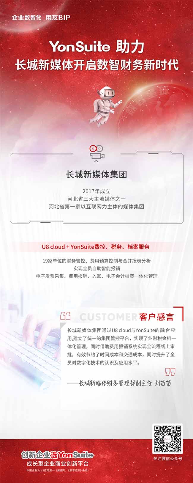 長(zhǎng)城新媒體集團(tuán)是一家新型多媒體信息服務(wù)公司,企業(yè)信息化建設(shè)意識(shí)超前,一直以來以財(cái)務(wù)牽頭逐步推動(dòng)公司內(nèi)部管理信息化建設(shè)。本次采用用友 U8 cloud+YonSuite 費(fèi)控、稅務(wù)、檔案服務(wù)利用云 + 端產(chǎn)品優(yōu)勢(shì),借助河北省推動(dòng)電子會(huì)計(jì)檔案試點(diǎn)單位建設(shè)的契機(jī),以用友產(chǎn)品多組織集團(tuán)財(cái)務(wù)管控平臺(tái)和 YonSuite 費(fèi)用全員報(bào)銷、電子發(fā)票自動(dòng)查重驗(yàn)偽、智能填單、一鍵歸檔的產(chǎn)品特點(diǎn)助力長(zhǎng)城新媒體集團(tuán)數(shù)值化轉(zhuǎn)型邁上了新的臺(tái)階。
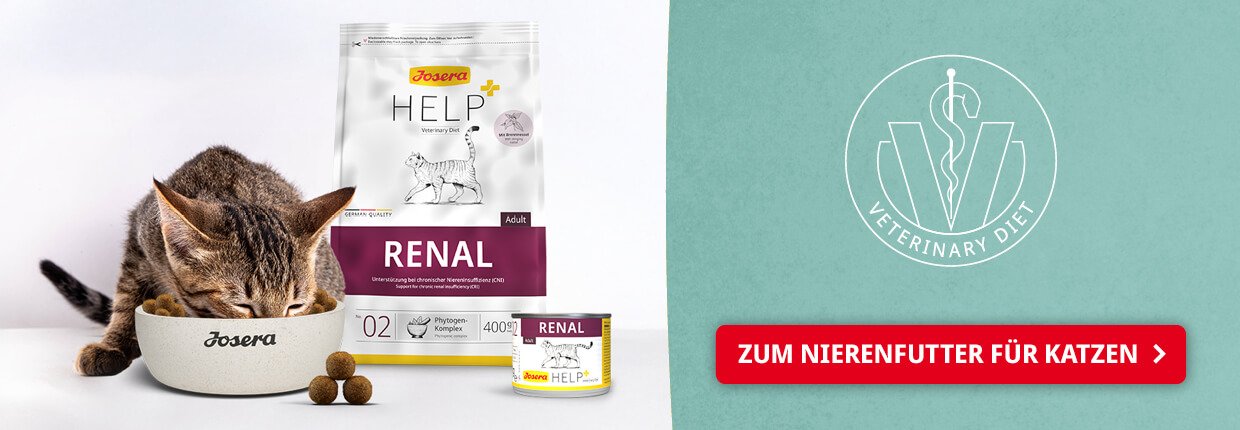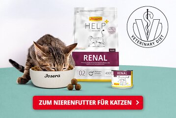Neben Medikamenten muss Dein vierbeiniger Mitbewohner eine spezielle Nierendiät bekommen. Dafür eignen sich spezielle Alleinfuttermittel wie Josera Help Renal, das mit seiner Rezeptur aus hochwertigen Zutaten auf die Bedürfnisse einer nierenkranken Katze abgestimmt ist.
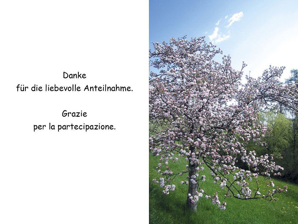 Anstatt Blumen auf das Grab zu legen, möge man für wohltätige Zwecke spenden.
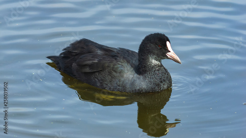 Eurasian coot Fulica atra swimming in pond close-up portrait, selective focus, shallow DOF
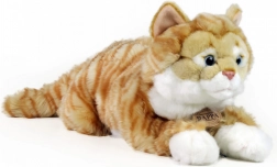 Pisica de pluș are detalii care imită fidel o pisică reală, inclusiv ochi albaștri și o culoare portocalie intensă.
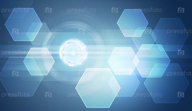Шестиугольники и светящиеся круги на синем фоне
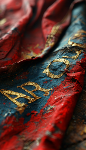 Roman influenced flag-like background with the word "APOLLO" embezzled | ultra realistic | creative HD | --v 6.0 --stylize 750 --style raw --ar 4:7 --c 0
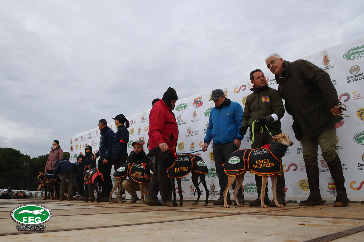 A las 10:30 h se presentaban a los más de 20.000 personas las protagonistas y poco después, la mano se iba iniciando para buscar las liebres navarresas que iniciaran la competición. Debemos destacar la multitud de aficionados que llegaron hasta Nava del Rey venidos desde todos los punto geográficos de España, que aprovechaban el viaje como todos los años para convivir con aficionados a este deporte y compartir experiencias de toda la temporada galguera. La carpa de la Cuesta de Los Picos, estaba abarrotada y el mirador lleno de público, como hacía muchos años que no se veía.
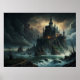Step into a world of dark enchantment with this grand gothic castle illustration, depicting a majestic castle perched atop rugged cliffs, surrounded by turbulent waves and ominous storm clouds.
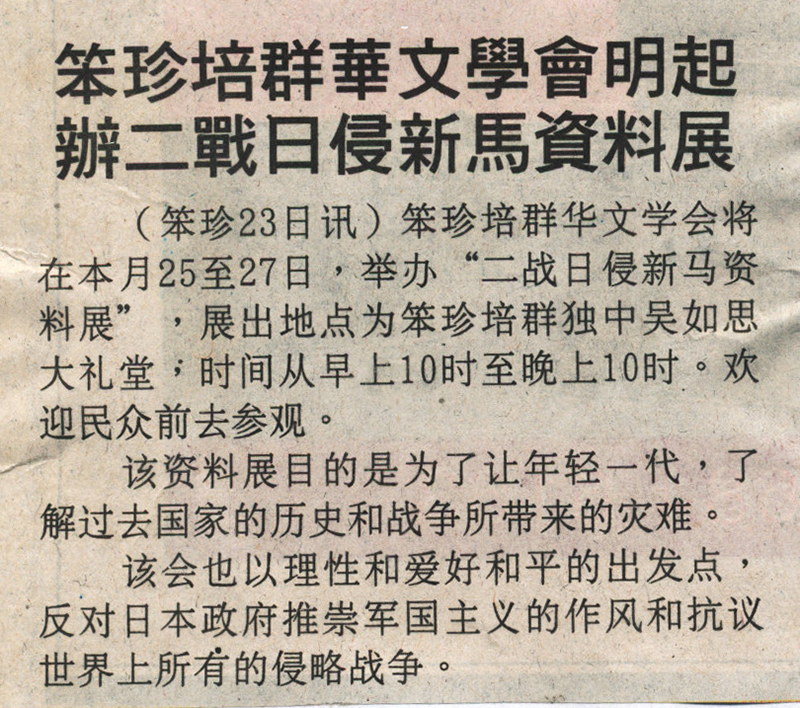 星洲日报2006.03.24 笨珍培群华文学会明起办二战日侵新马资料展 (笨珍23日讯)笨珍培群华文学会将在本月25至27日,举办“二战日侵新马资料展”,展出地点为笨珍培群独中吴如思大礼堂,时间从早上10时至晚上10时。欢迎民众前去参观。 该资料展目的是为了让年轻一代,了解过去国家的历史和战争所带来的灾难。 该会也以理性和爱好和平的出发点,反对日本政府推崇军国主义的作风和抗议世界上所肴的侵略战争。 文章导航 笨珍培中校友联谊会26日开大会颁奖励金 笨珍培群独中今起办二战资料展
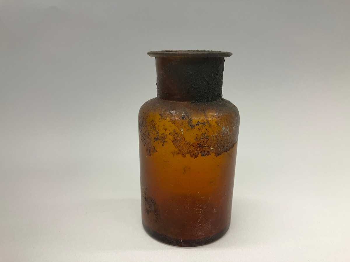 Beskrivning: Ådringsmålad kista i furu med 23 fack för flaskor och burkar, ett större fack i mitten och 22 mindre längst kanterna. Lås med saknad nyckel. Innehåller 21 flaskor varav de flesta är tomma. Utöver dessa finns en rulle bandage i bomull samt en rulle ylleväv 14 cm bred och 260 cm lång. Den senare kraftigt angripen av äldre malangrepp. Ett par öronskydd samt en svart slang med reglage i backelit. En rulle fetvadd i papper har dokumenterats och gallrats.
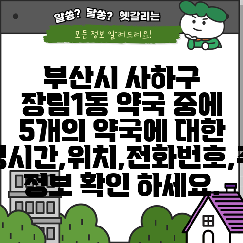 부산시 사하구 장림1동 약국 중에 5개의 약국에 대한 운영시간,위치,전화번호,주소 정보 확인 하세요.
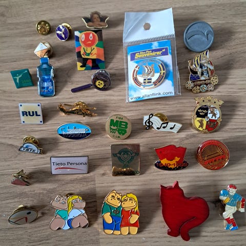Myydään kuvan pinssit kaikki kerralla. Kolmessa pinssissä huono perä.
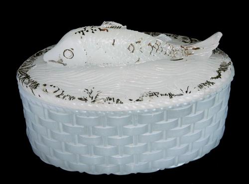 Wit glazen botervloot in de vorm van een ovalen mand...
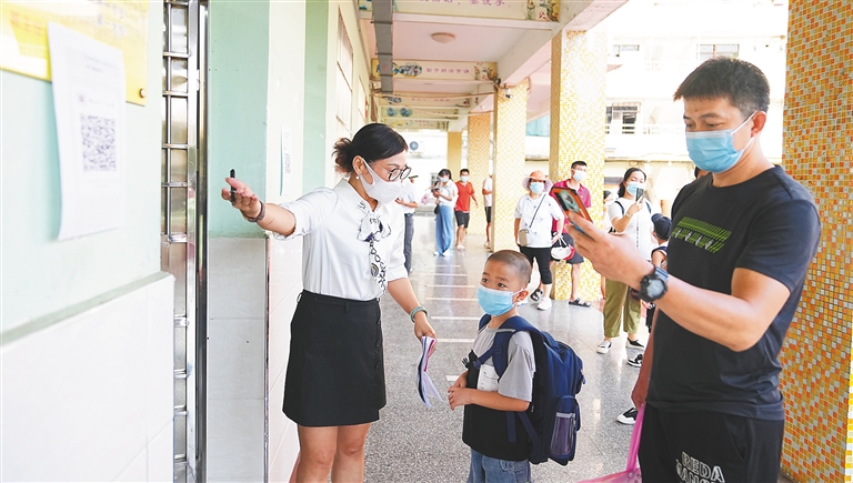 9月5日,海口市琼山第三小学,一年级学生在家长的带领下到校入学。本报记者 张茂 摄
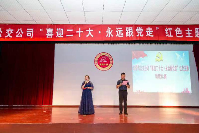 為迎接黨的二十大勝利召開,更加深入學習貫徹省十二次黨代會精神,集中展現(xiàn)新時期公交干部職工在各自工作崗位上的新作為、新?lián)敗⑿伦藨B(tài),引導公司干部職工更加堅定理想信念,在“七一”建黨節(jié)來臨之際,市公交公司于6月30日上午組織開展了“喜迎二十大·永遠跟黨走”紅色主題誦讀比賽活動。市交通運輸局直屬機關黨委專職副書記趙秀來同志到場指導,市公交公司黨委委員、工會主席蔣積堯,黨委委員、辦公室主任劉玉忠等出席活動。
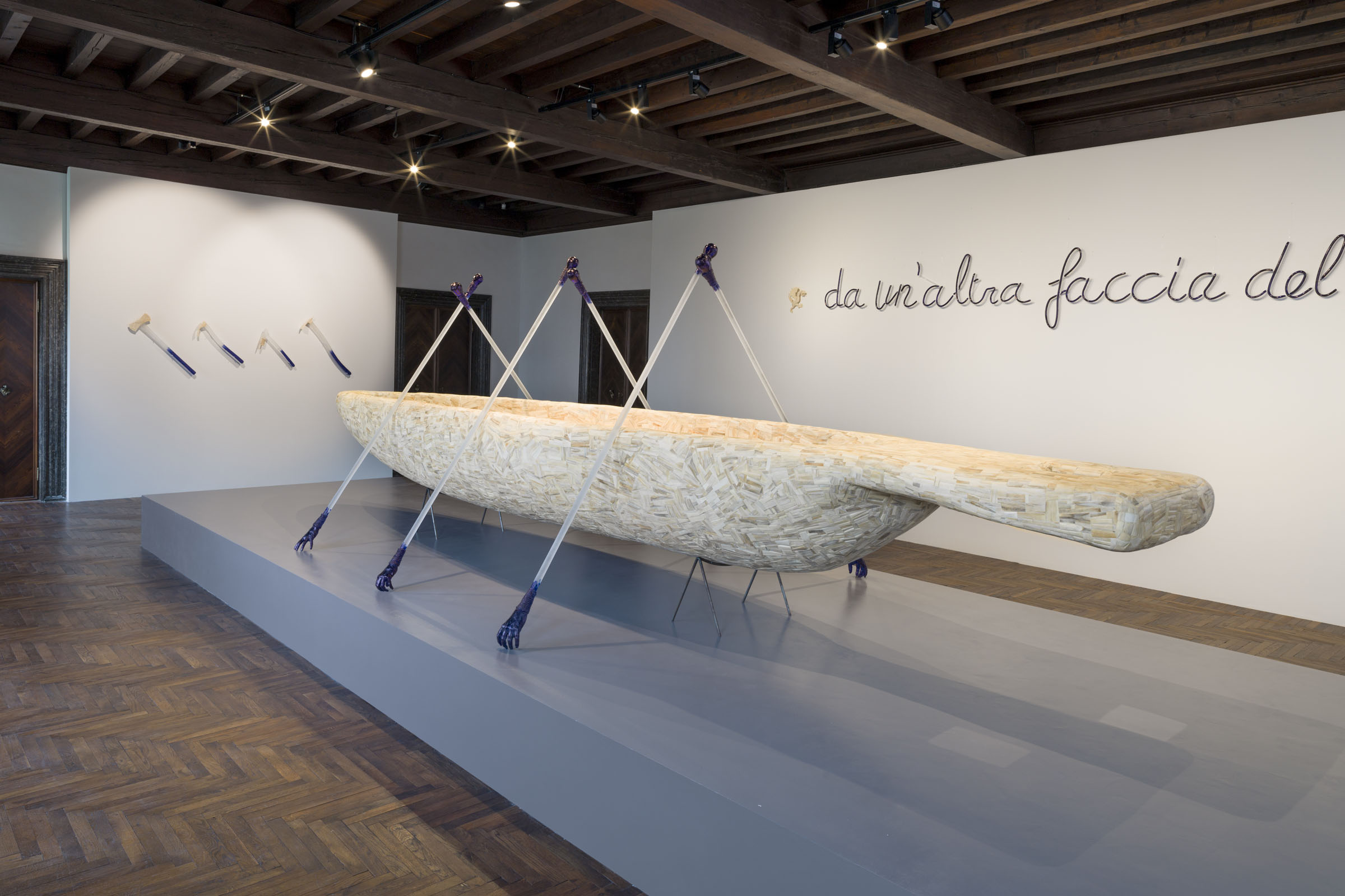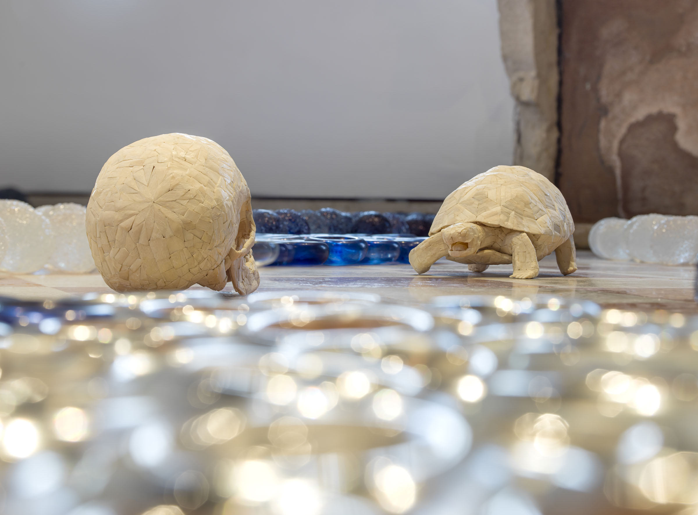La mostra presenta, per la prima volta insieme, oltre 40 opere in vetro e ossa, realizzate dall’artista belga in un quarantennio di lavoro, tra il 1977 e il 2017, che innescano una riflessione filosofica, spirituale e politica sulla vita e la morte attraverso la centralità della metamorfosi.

What is expected
Copy the listing above word for word. Do not include the pictures.

Written answer
 長(zhǎng)城新媒體集團(tuán)是一家新型多媒體信息服務(wù)公司,企業(yè)信息化建設(shè)意識(shí)超前,一直以來以財(cái)務(wù)牽頭逐步推動(dòng)公司內(nèi)部管理信息化建設(shè)。本次采用用友 U8 cloud+YonSuite 費(fèi)控、稅務(wù)、檔案服務(wù)利用云 + 端產(chǎn)品優(yōu)勢(shì),借助河北省推動(dòng)電子會(huì)計(jì)檔案試點(diǎn)單位建設(shè)的契機(jī),以用友產(chǎn)品多組織集團(tuán)財(cái)務(wù)管控平臺(tái)和 YonSuite 費(fèi)用全員報(bào)銷、電子發(fā)票自動(dòng)查重驗(yàn)偽、智能填單、一鍵歸檔的產(chǎn)品特點(diǎn)助力長(zhǎng)城新媒體集團(tuán)數(shù)值化轉(zhuǎn)型邁上了新的臺(tái)階。
Neben Medikamenten muss Dein vierbeiniger Mitbewohner eine spezielle Nierendiät bekommen. Dafür eignen sich spezielle Alleinfuttermittel wie Josera Help Renal, das mit seiner Rezeptur aus hochwertigen Zutaten auf die Bedürfnisse einer nierenkranken Katze abgestimmt ist.
 Anstatt Blumen auf das Grab zu legen, möge man für wohltätige Zwecke spenden.
 Eurasian coot Fulica atra swimming in pond close-up portrait, selective focus, shallow DOF
 Pisica de pluș are detalii care imită fidel o pisică reală, inclusiv ochi albaștri și o culoare portocalie intensă.
Шестиугольники и светящиеся круги на синем фоне
 Roman influenced flag-like background with the word "APOLLO" embezzled | ultra realistic | creative HD | --v 6.0 --stylize 750 --style raw --ar 4:7 --c 0
 A las 10:30 h se presentaban a los más de 20.000 personas las protagonistas y poco después, la mano se iba iniciando para buscar las liebres navarresas que iniciaran la competición. Debemos destacar la multitud de aficionados que llegaron hasta Nava del Rey venidos desde todos los punto geográficos de España, que aprovechaban el viaje como todos los años para convivir con aficionados a este deporte y compartir experiencias de toda la temporada galguera. La carpa de la Cuesta de Los Picos, estaba abarrotada y el mirador lleno de público, como hacía muchos años que no se veía.
Step into a world of dark enchantment with this grand gothic castle illustration, depicting a majestic castle perched atop rugged cliffs, surrounded by turbulent waves and ominous storm clouds.
 星洲日报2006.03.24 笨珍培群华文学会明起办二战日侵新马资料展 (笨珍23日讯)笨珍培群华文学会将在本月25至27日,举办“二战日侵新马资料展”,展出地点为笨珍培群独中吴如思大礼堂,时间从早上10时至晚上10时。欢迎民众前去参观。 该资料展目的是为了让年轻一代,了解过去国家的历史和战争所带来的灾难。 该会也以理性和爱好和平的出发点,反对日本政府推崇军国主义的作风和抗议世界上所肴的侵略战争。 文章导航 笨珍培中校友联谊会26日开大会颁奖励金 笨珍培群独中今起办二战资料展
 Beskrivning: Ådringsmålad kista i furu med 23 fack för flaskor och burkar, ett större fack i mitten och 22 mindre längst kanterna. Lås med saknad nyckel. Innehåller 21 flaskor varav de flesta är tomma. Utöver dessa finns en rulle bandage i bomull samt en rulle ylleväv 14 cm bred och 260 cm lång. Den senare kraftigt angripen av äldre malangrepp. Ett par öronskydd samt en svart slang med reglage i backelit. En rulle fetvadd i papper har dokumenterats och gallrats.
 부산시 사하구 장림1동 약국 중에 5개의 약국에 대한 운영시간,위치,전화번호,주소 정보 확인 하세요.
Myydään kuvan pinssit kaikki kerralla. Kolmessa pinssissä huono perä.
 Wit glazen botervloot in de vorm van een ovalen mand...
 9月5日,海口市琼山第三小学,一年级学生在家长的带领下到校入学。本报记者 张茂 摄
 為迎接黨的二十大勝利召開,更加深入學習貫徹省十二次黨代會精神,集中展現(xiàn)新時期公交干部職工在各自工作崗位上的新作為、新?lián)敗⑿伦藨B(tài),引導公司干部職工更加堅定理想信念,在“七一”建黨節(jié)來臨之際,市公交公司于6月30日上午組織開展了“喜迎二十大·永遠跟黨走”紅色主題誦讀比賽活動。市交通運輸局直屬機關黨委專職副書記趙秀來同志到場指導,市公交公司黨委委員、工會主席蔣積堯,黨委委員、辦公室主任劉玉忠等出席活動。
La mostra presenta, per la prima volta insieme, oltre 40 opere in vetro e ossa, realizzate dall’artista belga in un quarantennio di lavoro, tra il 1977 e il 2017, che innescano una riflessione filosofica, spirituale e politica sulla vita e la morte attraverso la centralità della metamorfosi.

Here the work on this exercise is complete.